Agents backtrack in hunt for bombing suspect
By Scott Duncan
ANDREWS, N.C. (Reuters) - Federal agents have searched about 10 square miles
of a rugged 30 square-mile tract in the western North Carolina mountains
where they believe abortion clinic bombing suspect Eric Robert Rudolph is
hiding, an FBI special agent said Monday.
Teams of federal agents and local law enforcement officers also were
backtracking over mountain trails and remote cabins for new clues as they
began the second week of a methodical manhunt for one of the FBI's 10 Most
Wanted fugitives.
"We may go back again" to some of the areas already searched, said Woody
Enderson, who heads the Southeast Bomb Task Force investigating a series of
bombings in the region over the past three years.
The FBI has offered a $1 million reward for information leading to the
arrest of Rudolph, who has been charged in the January 29 bombing of a
Birmingham, Alabama abortion clinic that killed an off-duty policeman and
injured a nurse.
Rudolph, 31, also is wanted for questioning in three earlier Atlanta-area
bombings, including the July 1996 Centennial Olympic Park blast in Atlanta
that killed a woman and injured more than 100 people.
Teams of federal agents returned to a mountain cabin home of George
Nordmann, the owner of a health food store who reported seeing Rudolph July
7 when the fugitive came to his cabin seeking provisions.

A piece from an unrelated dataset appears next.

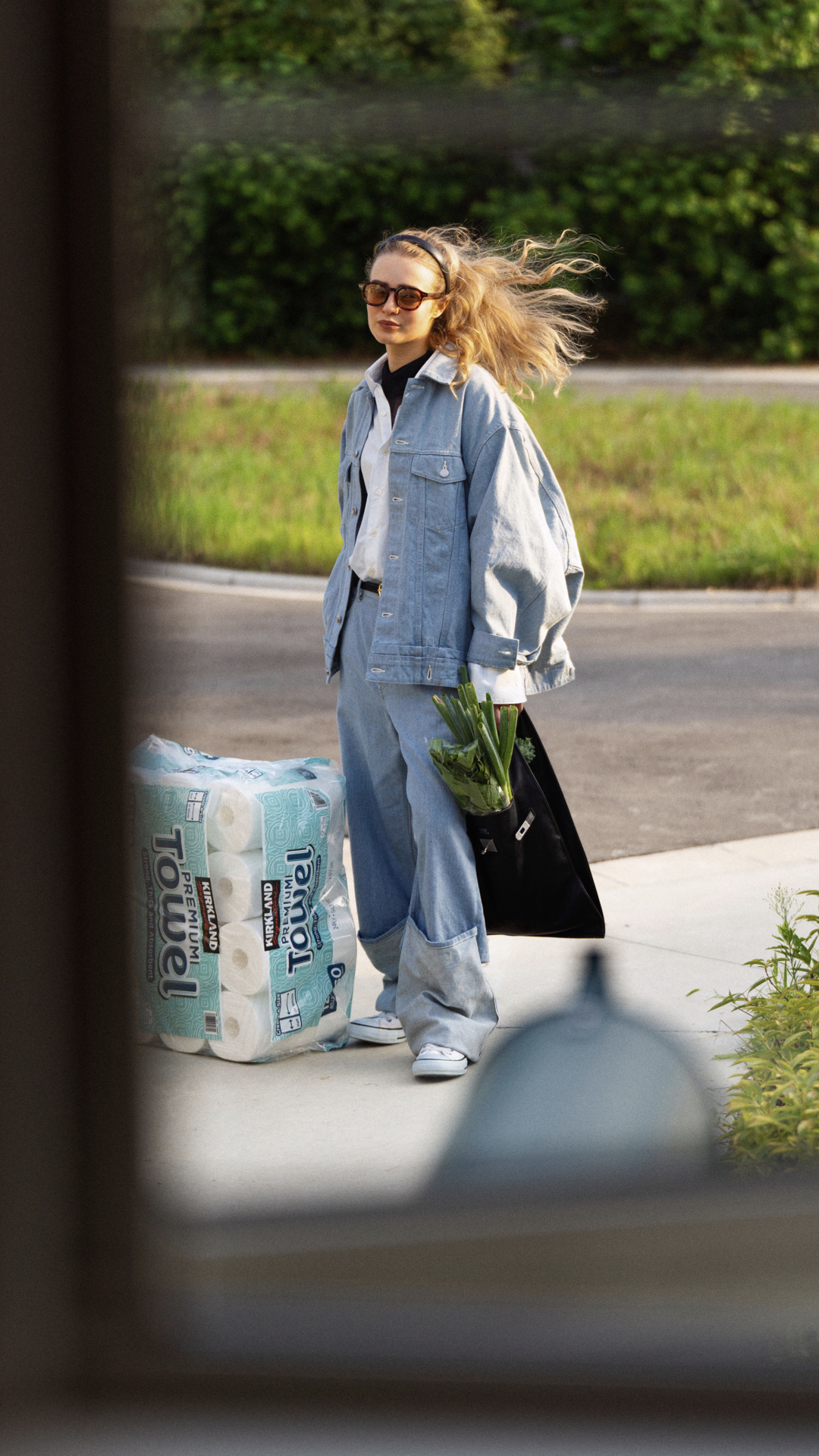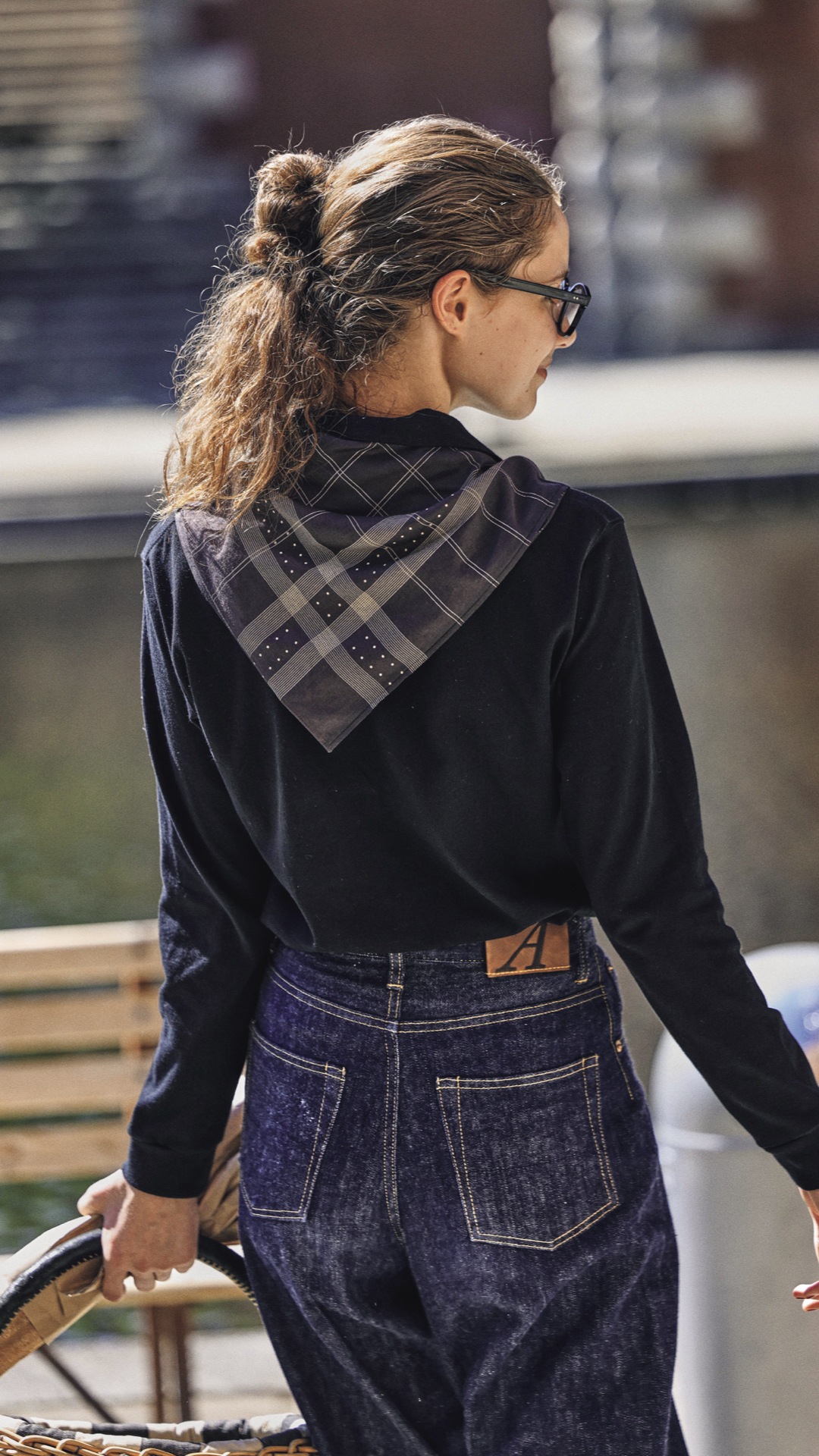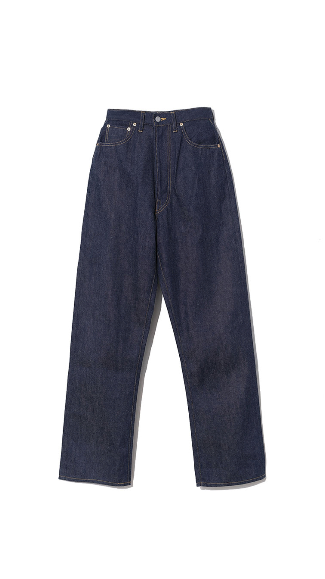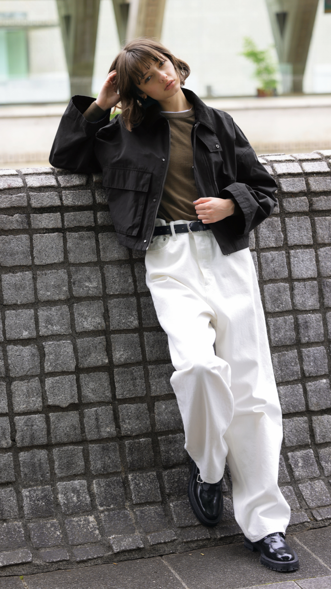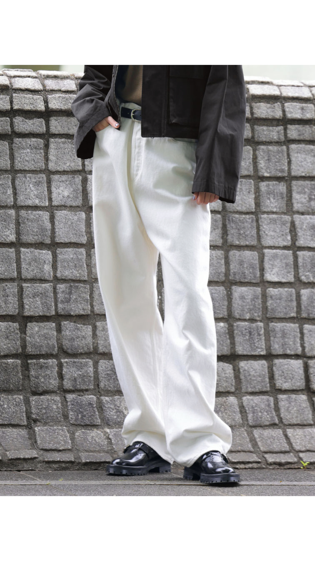 クリーンな印象のホワイトデニムなら、《サクラ》の一本がおすすめ。深めの股上で、ウエストからヒップまでワイドサイズで作り上げ、ベルトで絞って着用することで生まれるニュアンスがポイント。

Nordmann has been under media siege since reopening his store over the
weekend, but has declined comment.
According to the FBI, Rudolph on July 9 took the man's battered 1977 Datsun
pick-up truck and a six-month supply of food before ditching the truck in a
nearby U.S. Forest Service campground and retreating into the hills.
The truck was found early last Monday in the Bob Allison campground near
Nantahala Lake east of Andrews, North Carolina, where federal agents have
since concentrated their manhunt. Andrews is about 120 miles north of
Atlanta.
Operating out of a campsite that normally hosts Boy Scout troops and
vacationing campers, teams of heavily armed, camouflaged agents have been
able to hike about 10-15 miles a day in their search for Rudolph, who grew
up in the area and is said to be an accomplished outdoorsman.
The painstaking manhunt has been slowed as the agents struggle through dense
undergrowth and dodge rattlesnakes seeking shade from a scorching summer sun
in rocky crevices along mountain ridges and trails.